What the task requires:
With pictures excluded, give again exactly the lines running from the one holding "Road, Dornoch |" through the end of the listing below.

══ Supplied entries

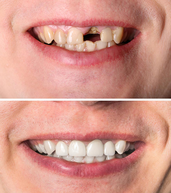 Dental implant surgery is a procedure that replaces tooth roots with metal, screwlike posts and replaces damaged or missing teeth with artificial teeth that look and function much like real ones. Dental implant surgery can offer a welcome alternative to dentures or bridgework that doesn't fit well and can offer an option when a lack of natural teeth roots don't allow building denture or bridgework tooth replacements.
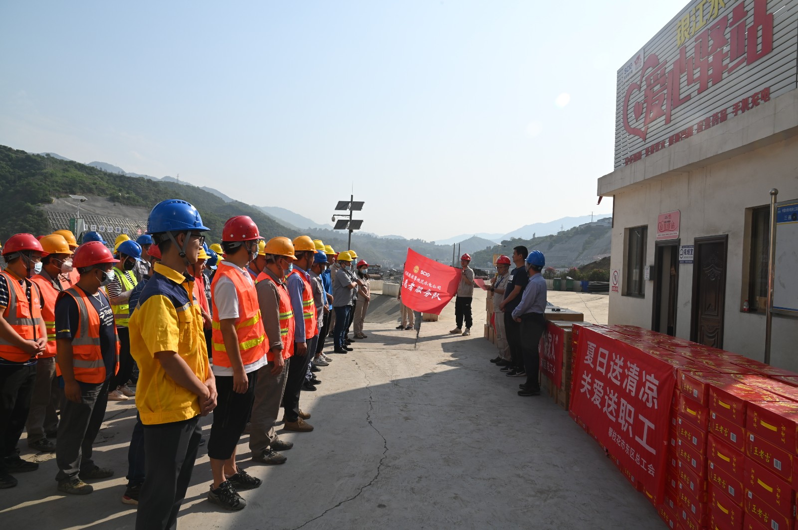 虽然是上午9点,但盛夏的烈日已炙烤着银江水电站工地。在银江水电站“爱心驿站”,汪庆元首先致敬全体工友烈日下的“银江精神”,高度赞扬了一线建设者三年来为银江水电站建设做出的积极贡献,并鼓励他们要战胜高温酷暑等重重难关,坚守岗位完成工程建设任务。刘欣在讲话中谈到:东区工会心系工友,是大家的“娘家人”,希望大家保重身体,平安度夏,在落实安全防护的前提下积极工作,保质保量推进项目施工,为攀枝花的经济建设做出更大的贡献。
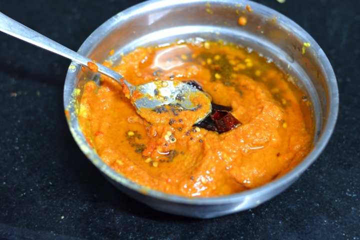 There are many ways to make this Mamidi Allam Pachadi and this one here is the easiest of all. There is literally no cooking anything at all. Just blend ingredients together, check for balance and temper it. Your pachadi or chutney is ready. It stores well for over a month in an airtight jar in the fridge and it goes really well with Sambar rice, Rasam rice and Curd Rice. I just love it with hot idlis too!
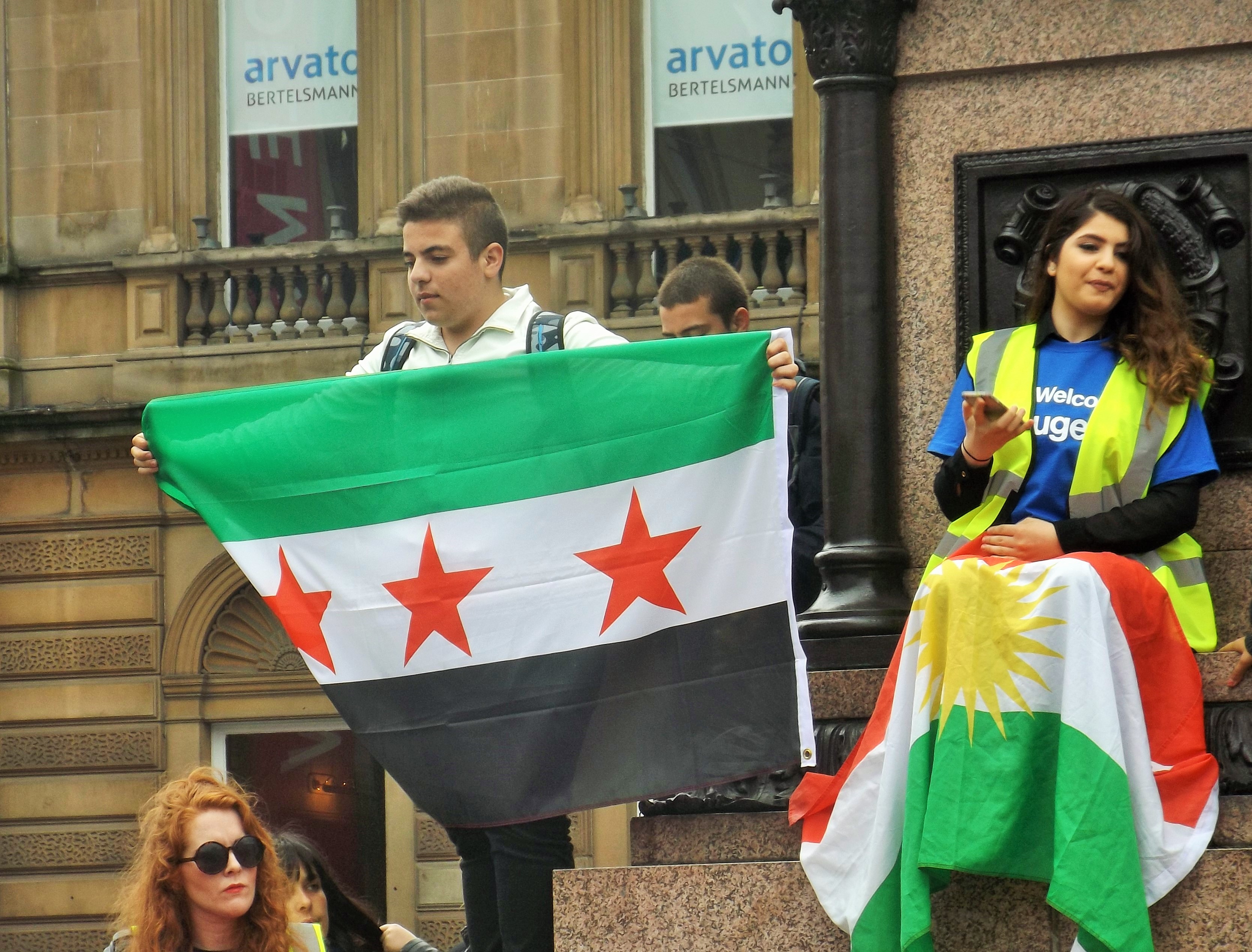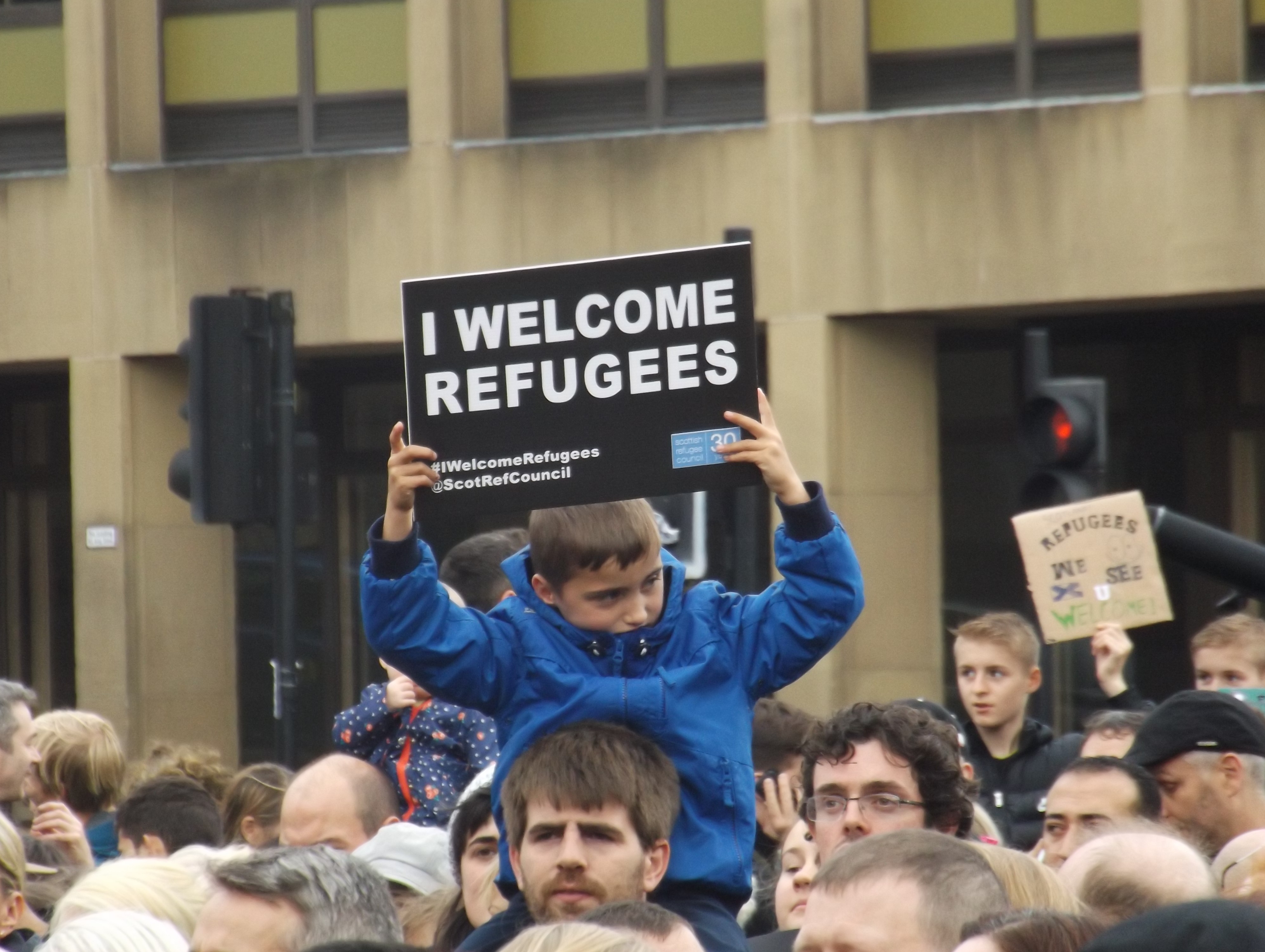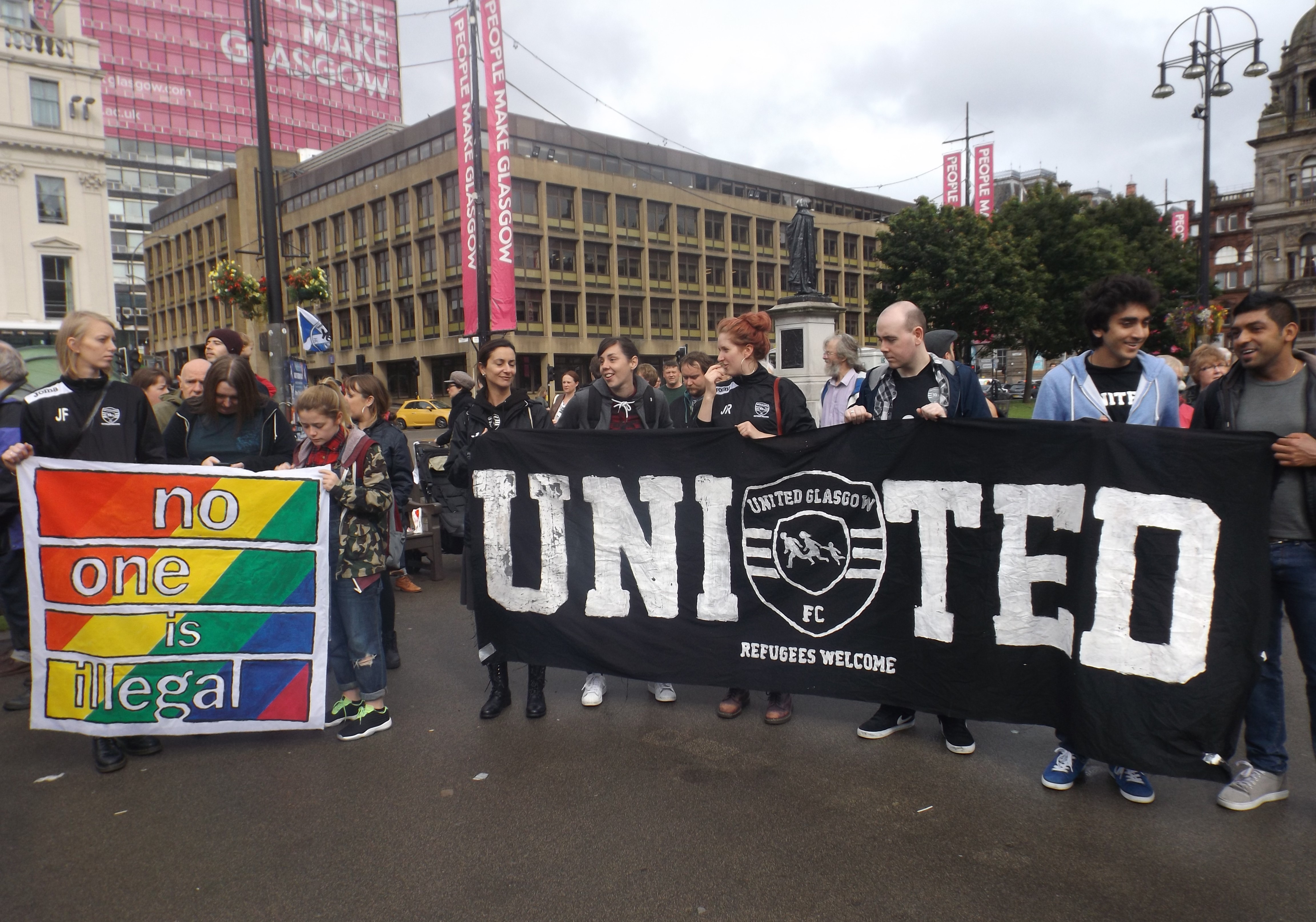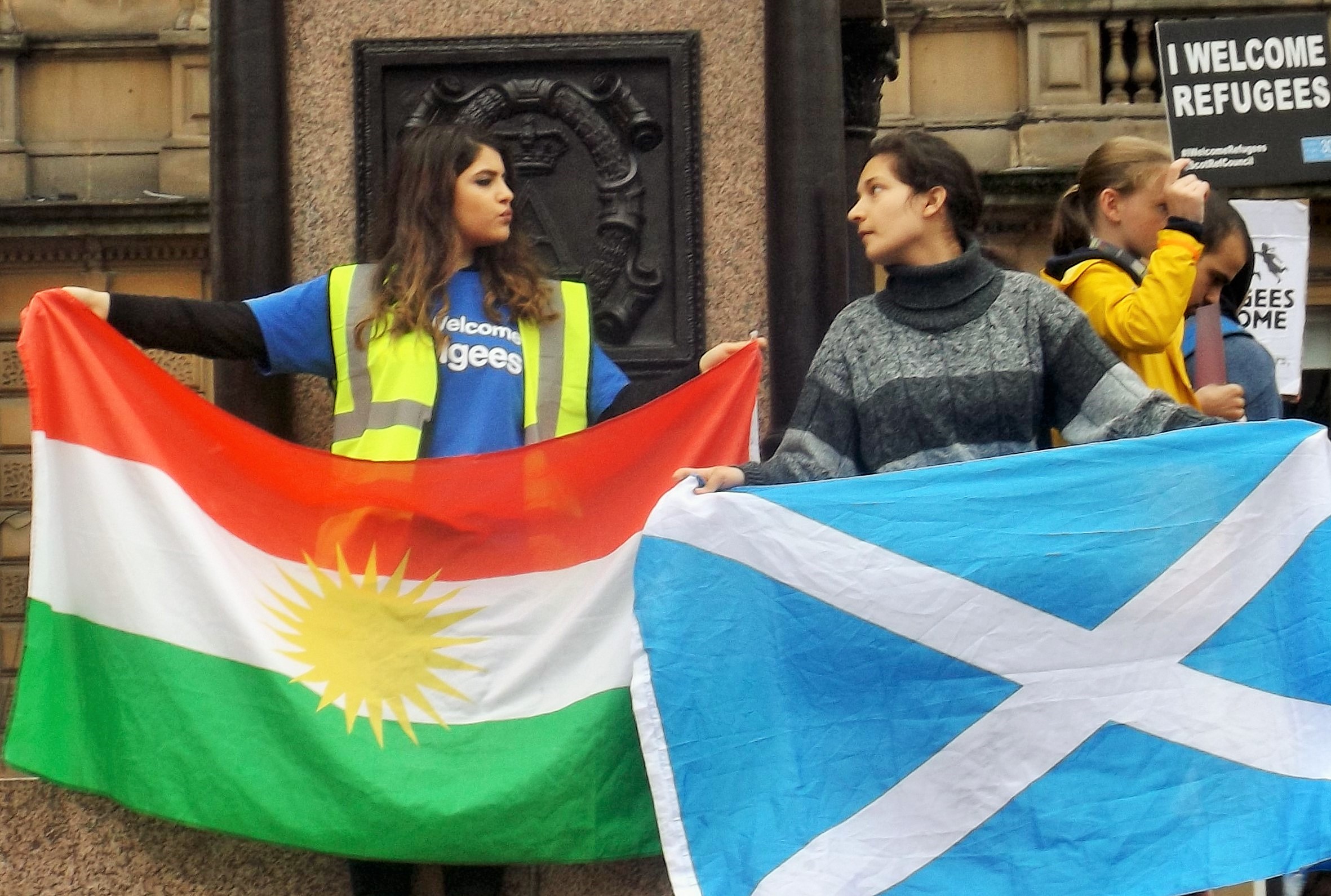 Several thousand people, dugs and weans packed into George Square today for the Glasgow Sees Syria rally. Organised independently through social media over the past few weeks, the demonstration called on the UK Government to do more to help those fleeing war and destitution elsewhere, It was also an important show of solidarity with refugees – particularly in the face of alarming anti-refugee and anti-immigration rhetoric which – while far from a recent development – has become alarmingly prevalent over the course of the recent crisis.
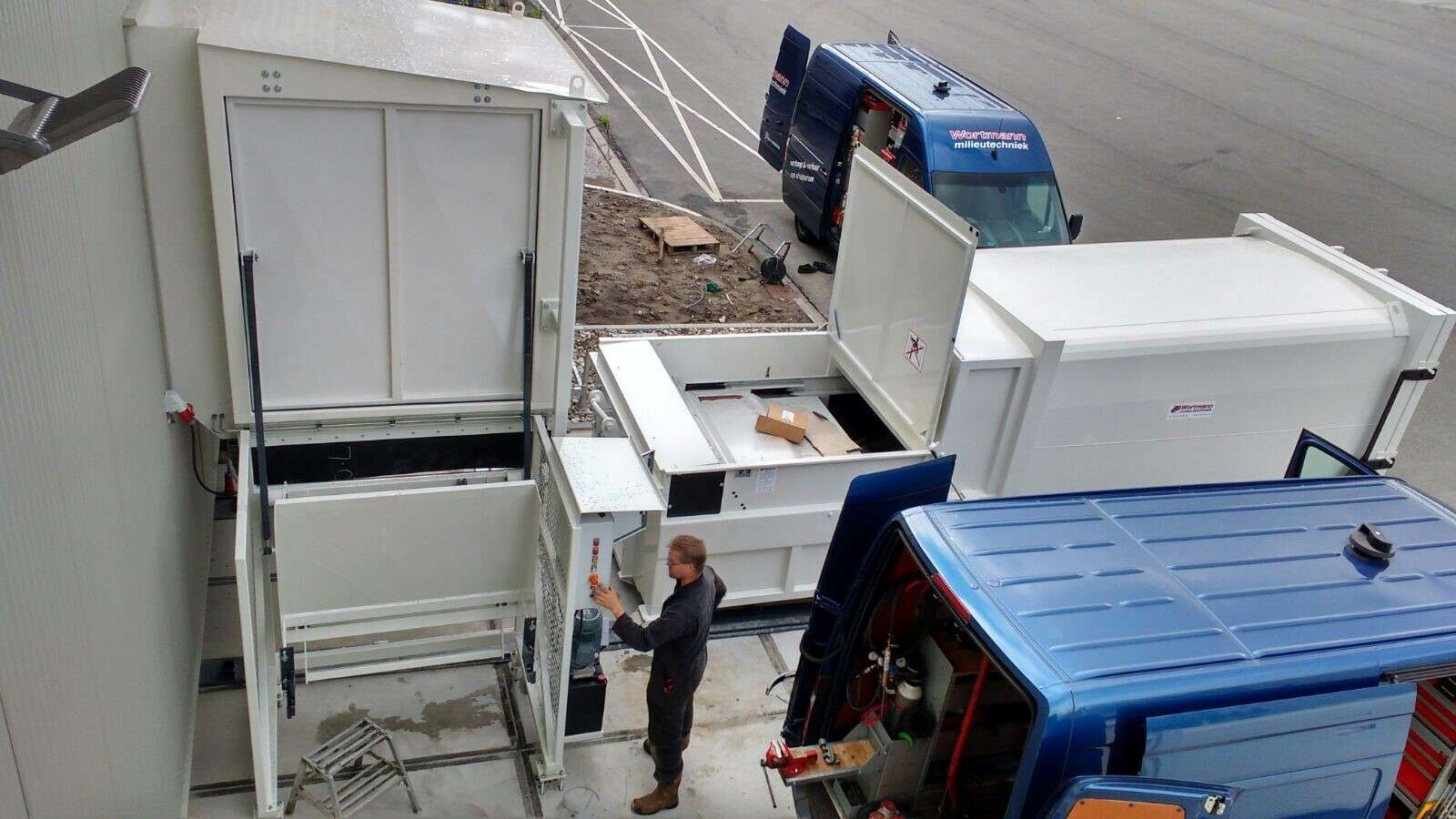 Bij een kaasfabrikant plaatsten wij onlangs een compleet-installatie bestaande uit een waskantelaar , 2 zelfpersende containers, 4 hefkantelinstallaties (2 stuks binnen en 2 buiten), 2 wandtrechters en 2 sets lange containergeleiderails. De persen kunnen d.m.v. de kantelaren worden bevuld. Nadat één van de hefkantelaars gestart wordt, trekt het persblok weer terug om de vulopening vrij […]
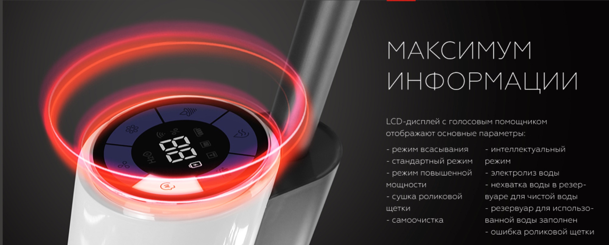 • Интеллектуальный LED-дисплей с голосовым помощником показывает нужную информацию во время уборки.
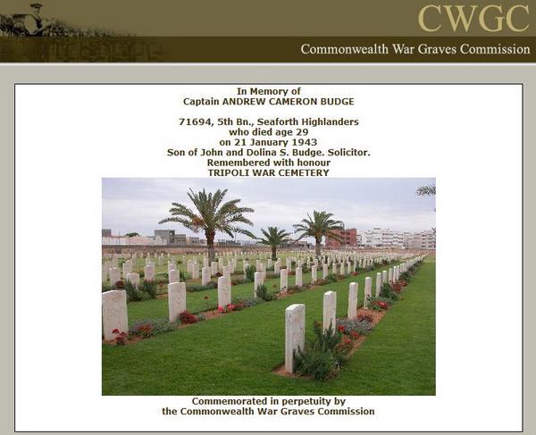 | Parents | John and Doilna S. Budge, Sutherland Road, Dornoch |
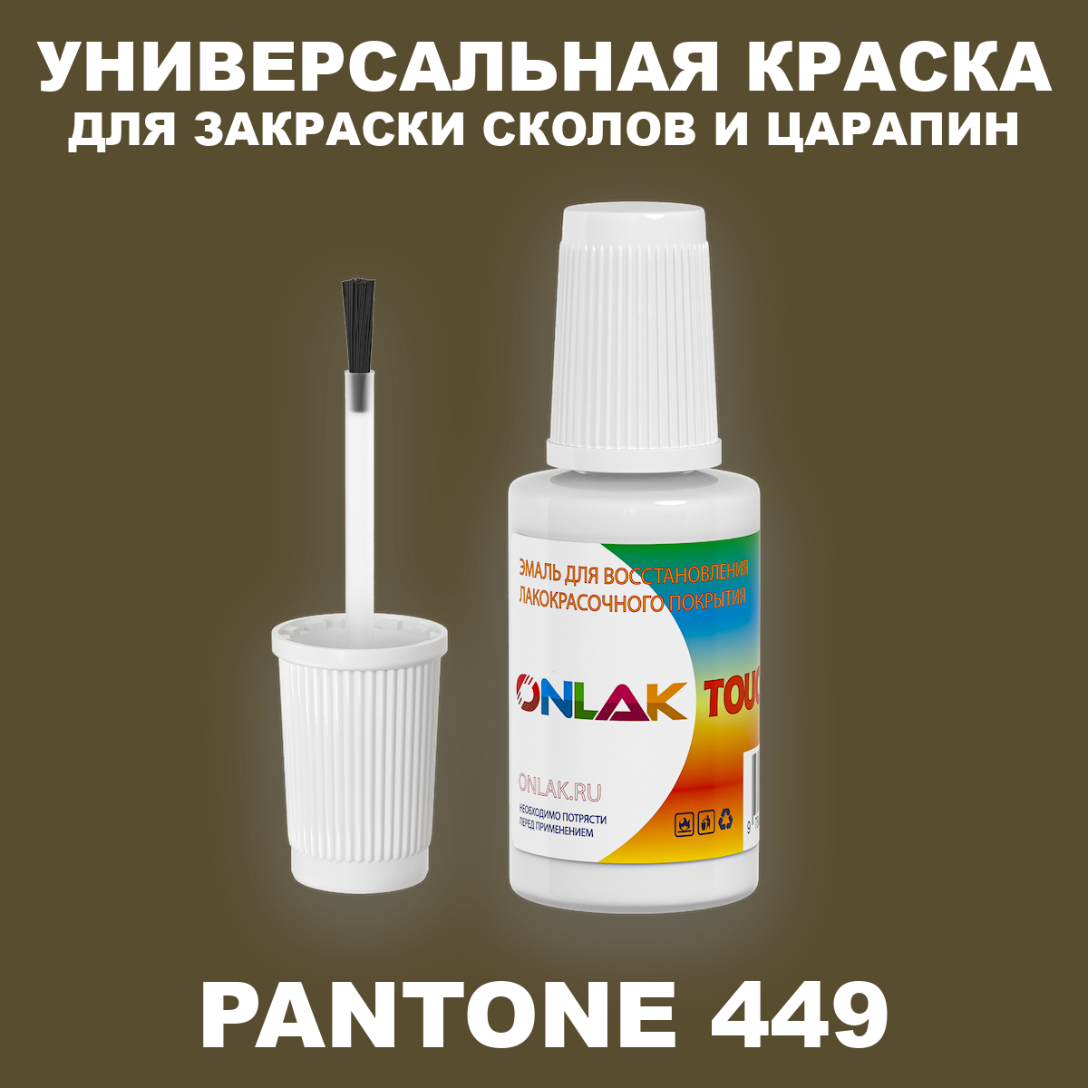 | С этим товаром покупают | Аэрозольная краска ONLAK, цвет PANTONE 449 C, спрей 520мл / Краска цвет PANTONE 449 C / PANTONE 449 C МАРКЕР С КРАСКОЙ | |

════

Answer to this task:
 | Parents | John and Doilna S. Budge, Sutherland Road, Dornoch |
 | С этим товаром покупают | Аэрозольная краска ONLAK, цвет PANTONE 449 C, спрей 520мл / Краска цвет PANTONE 449 C / PANTONE 449 C МАРКЕР С КРАСКОЙ | |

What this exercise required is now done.